No mesmo sentido, Carlos Zorrinho (PS), dirigindo-se à comissária responsável pelas Parcerias Internacionais, Jutta Urpilainen, que representou o executivo comunitário no debate, defendeu igualmente que a UE não pode “refugiar-se na desculpa da complexidade [da situação] nem da pandemia para abandonar o povo de Cabo Delgado”.

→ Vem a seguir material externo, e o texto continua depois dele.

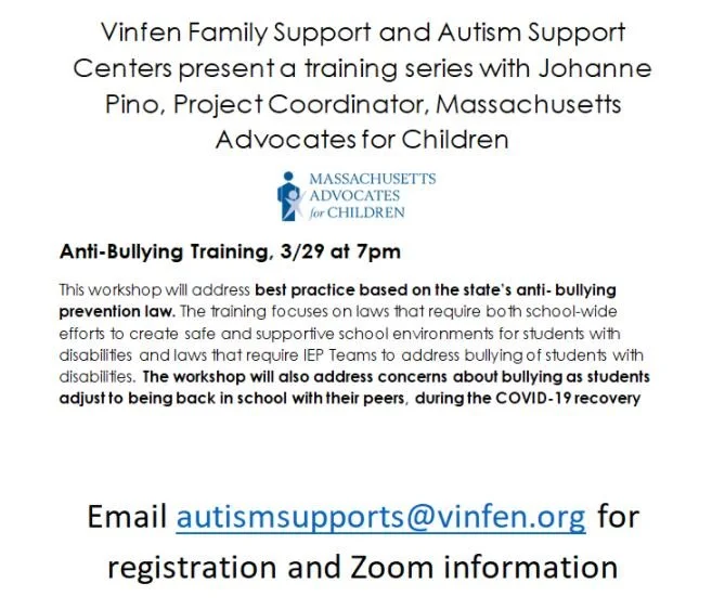 Email autismsupports@vinfen.org for registration and Zoom information

Também Marisa Matias, do Bloco de Esquerda, disse ser necessário “denunciar o que se está a passar e acabar com o silêncio”, sustentando que “condenar os atentados terroristas e o ‘jihadismo’ é fundamental, mas não chega”, pois também “é preciso denunciar e parar a exploração dos recursos naturais”, que tem levado multinacionais “a competir como abutres para ter acesso à região”, “como se nada estivesse a acontecer” no norte de Moçambique.
Por seu lado, ao mesmo tempo que reiterou a sua solidariedade para com as autoridades e o povo moçambicano, a Comissão Europeia considerou hoje “extremamente chocante” o recente relatório da Amnistia Internacional sobre violações de direitos humanos no norte de Moçambique, e reclamou uma investigação “transparente e efetiva”, incluindo às alegações envolvendo membros das forças de segurança moçambicanas.
A província de Cabo Delgado é há três anos alvo de ataques por grupos armados, alguns reivindicados pelo grupo ‘jihadista’ Estado Islâmico, mas cuja origem permanece em debate, provocando uma crise humana com mais de mil mortes e 250.000 deslocados internos.